Source of data: Bloomberg
Equities Total Return
DEC | 3 MOS | 1 YR | |
---|---|---|---|
U.S. Large Cap | (2.4%) | 2.4% | 25.0% |
U.S. Small Cap | (8.3%) | 0.3% | 11.5% |
U.S. Growth | 0.4% | 6.8% | 32.4% |
U.S. Value | (6.9%) | (2.0%) | 14.0% |
Int’l Developed | (2.3%) | (8.1%) | 3.8% |
Emerging Markets | (0.1%) | (8.0%) | 7.5% |
Fixed Income Total Return
DEC | 3 MOS | 1 YR | |
---|---|---|---|
Taxable | |||
U.S. Agg. Bond | (1.6%) | (3.1%) | 1.3% |
TIPS | (1.6%) | (2.9%) | 1.8% |
U.S. High Yield | (0.4%) | 0.2% | 8.2% |
Int’l Developed | (1.0%) | (1.0%) | (0.5%) |
Emerging Markets | 0.8% | 1.7% | 7.5% |
Tax-Exempt | |||
Intermediate Munis | (0.7%) | (1.0%) | 1.4% |
Munis Broad Mkt | (1.3%) | (1.1%) | 1.6% |
Non-Traditional Assets Total Return
DEC | 3 MOS | 1 YR | |
---|---|---|---|
Commodities | 1.0% | (0.4%) | 5.4% |
REITs | (8.0%) | (8.2%) | 4.9% |
Infrastructure | (4.5%) | (2.5%) | 15.1% |
Hedge Funds | |||
Absolute Return | (0.0%) | 0.7% | 4.8% |
Overall HF Market | (0.0%) | 0.1% | 5.2% |
Managed Futures | 1.2% | 0.1% | 2.3% |
Economic Indicators
DEC-24 | JUN-24 | DEC-23 | |
---|---|---|---|
Equity Volatility | 17.4 | 16.7 | 12.5 |
Implied Inflation | 2.3% | 2.2% | 2.2% |
Gold Spot $/OZ | $2624.5 | $2634.6 | $2063.0 |
Oil ($/BBL) | $74.6 | $71.8 | $77.0 |
U.S. Dollar Index | 128.7 | 122.1 | 120.2 |
Our Take
The final frame of 2024 ended up being gray toned for financial markets as Fed Chair Jerome Powell stated that any additional interest rate cuts in 2025 would be “approached cautiously,” sapping investor enthusiasm somewhat. Still, even with acknowledgement of the December pullback, financial market sentiment suggests investors are anticipating the most optimistic scenarios for 2025. While there is certainly data in support of a potentially rosy year ahead, there are several considerations that give us pause. In our Q1 Economic Commentary, due out mid-January, we focus on what could go right and wrong in 2025 as well as portfolio positioning. Here is what we are paying careful attention to in the near term:
- Sticky Inflation and Revised Rate Expectations: U.S. core consumer price inflation has been elevated above the Fed’s 2% target, with added potential pressure should the Trump administration pursue extreme tariff policies. We’ve already seen investors revise upward their longer-term inflation and interest rate expectations. A continued shift may catalyze swiftly rising long-term yields, dampening equity market valuations and creating turbulence for risk assets generally.

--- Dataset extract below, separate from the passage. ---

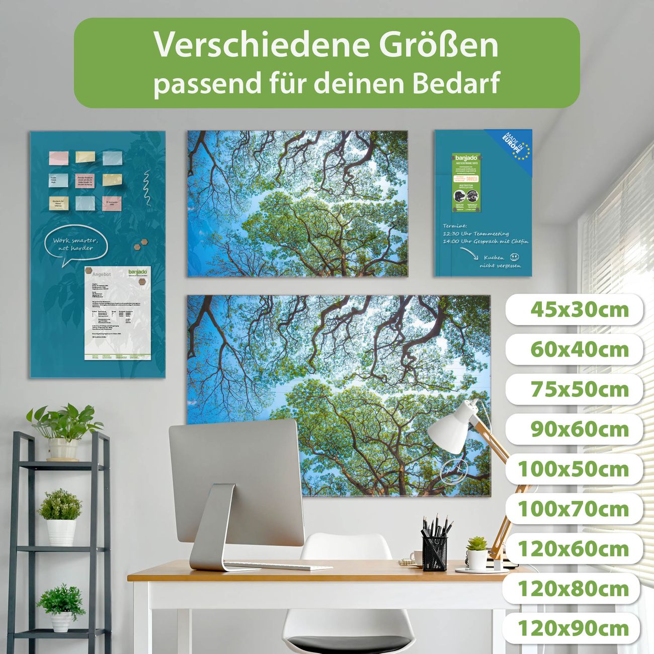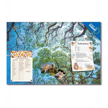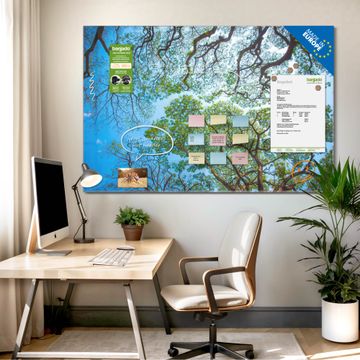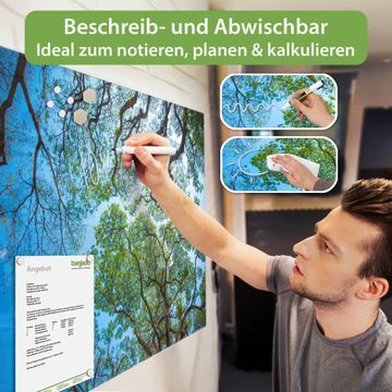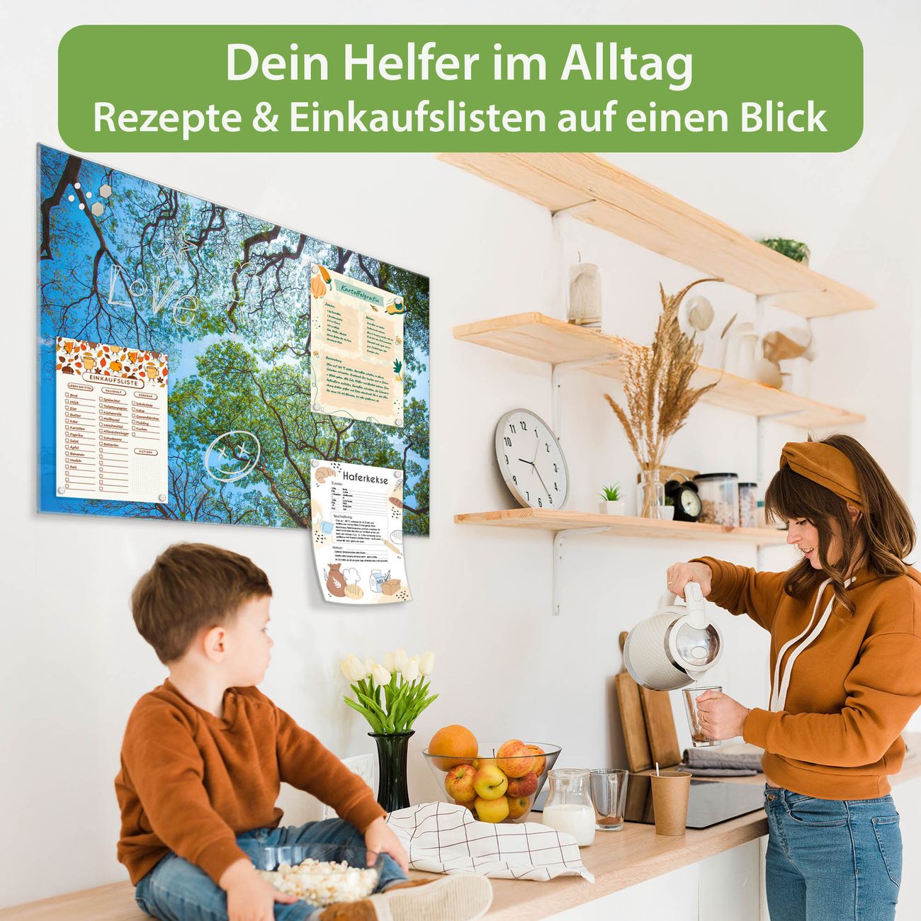 Die banjado Glas Magnettafel mit dem Motiv Motiv Zwischen Bäumen 2 verbindet Funktionalität mit Stil. Sie ersetzt das Zettelchaos durch klare Strukturen und bringt dabei eine warme, natürliche Atmosphäre in Ihr Zuhause. Ob im Büro, in der Küche oder im Eingangsbereich - dieses Design-Board zieht Blicke an und sorgt für Ordnung mit Charakter.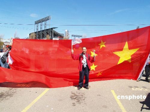 當(dāng)?shù)貢r(shí)間4月9日,在歡迎北京奧運(yùn)圣火傳遞舊金山的隊(duì)伍中,美國(guó)清華大學(xué)校友會(huì)打出的5米長(zhǎng)的巨幅五星紅旗耀眼奪目。作者: 盧威

- AI Disappointments: Despite significant investment and enthusiasm surrounding AI’s transformative potential, the market has priced in rapid and substantial productivity gains. Should companies fail to deliver tangible financial benefits from AI infrastructure and software investments, investor sentiment could shift, derailing the broader bull market. A reassessment of AI-driven valuations could disproportionately impact the market-leading technology sector and/or the many sectors heavily reliant on technology.
- Trump Administration Policies. Expansionary measures such as targeted deregulation, infrastructure investment, and lower corporate taxes could provide meaningful tailwinds, particularly in regions with low baseline expectations. These fiscal initiatives would likely bolster corporate profits and economic momentum. With that said, Republicans’ inability to demonstrate alignment during the recent federal budget negotiations could be a harbinger of difficulties in pursuing their bold agenda this year.

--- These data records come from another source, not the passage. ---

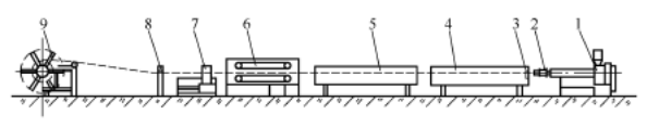 Şekil 1'de görülebileceği gibi, boru ekstrüzyon aşağı akış ekipmanı esas olarak soğutma suyu tankından oluşur,çekme ünitesi, kesici, sarıcıveya döküm masası.
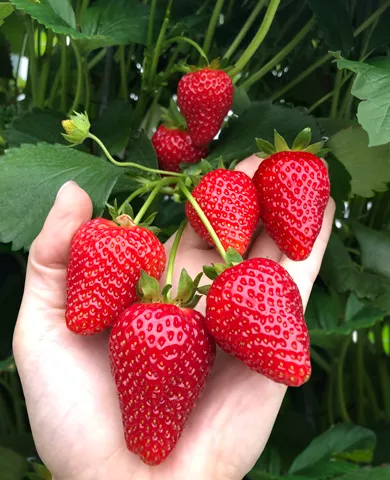 Поразительная ягода-пышка – на первой волне сбора можно встретить экземпляры весом до 90 г! Ярко-красного цвета, блестящая, умеренной плотности (без внутренних пустот), сочная, с великолепным сладким вкусом и легкой кислинкой. Сорт со среднеранним сроком созревания, высокоурожайный, хорошо хранится. Обладает устойчивостью к пятнистостям, грибковым заболеваниям и проблемам с корневой системой.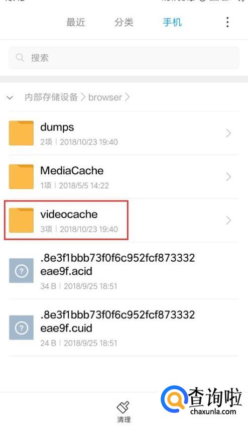 打开手机中的文件管理器,切换到“手机”分类,在其中找到文件夹“browser”,这是浏览器的存储文件夹。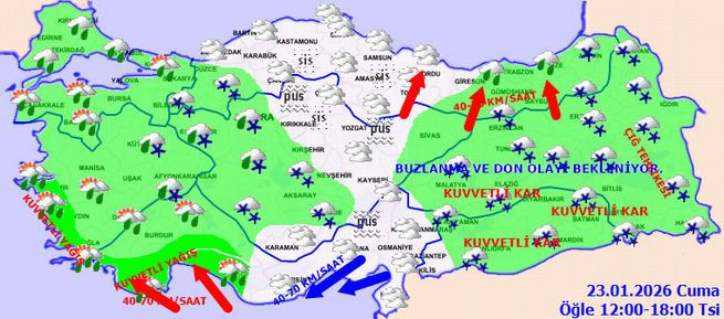 Meteoroloji, 23 Ocak Cuma günü için hava durumu raporunu yayımladı. 23 il için sarı kodlu uyarı yapılırken; Çanakkale, Edirne, İstanbul, Kırklareli, İzmir, Manisa, Adana ve Antalya'da sağanak, Afyonkarahisar, Denizli, Hatay, Isparta, Ankara, Çankırı, Eskişehir, Kayseri, Bolu, Amasya, Rize, Samsun, Trabzon, Erzurum, Kars, Malatya, Van, Batman, Diyarbakır, Gaziantep ve Siirt'te karla karışık yağmur ve kar yağışı bekleniyor. Hava sıcaklıklarının kuzey, iç ve batı kesimlerde artması bekleniyor.

- Financial Market Complacency. Financial markets look expensive in many areas and unanticipated developments could relieve equity markets of both enthusiasm and their lofty valuations in dramatic fashion. Such an unexpected shock to the system is always possible but is more likely during periods of higher uncertainty, where we find ourselves today. Some of our diversifying portfolio exposures are likely to hold up a bit better than others if we experience higher equity and/or bond market volatility.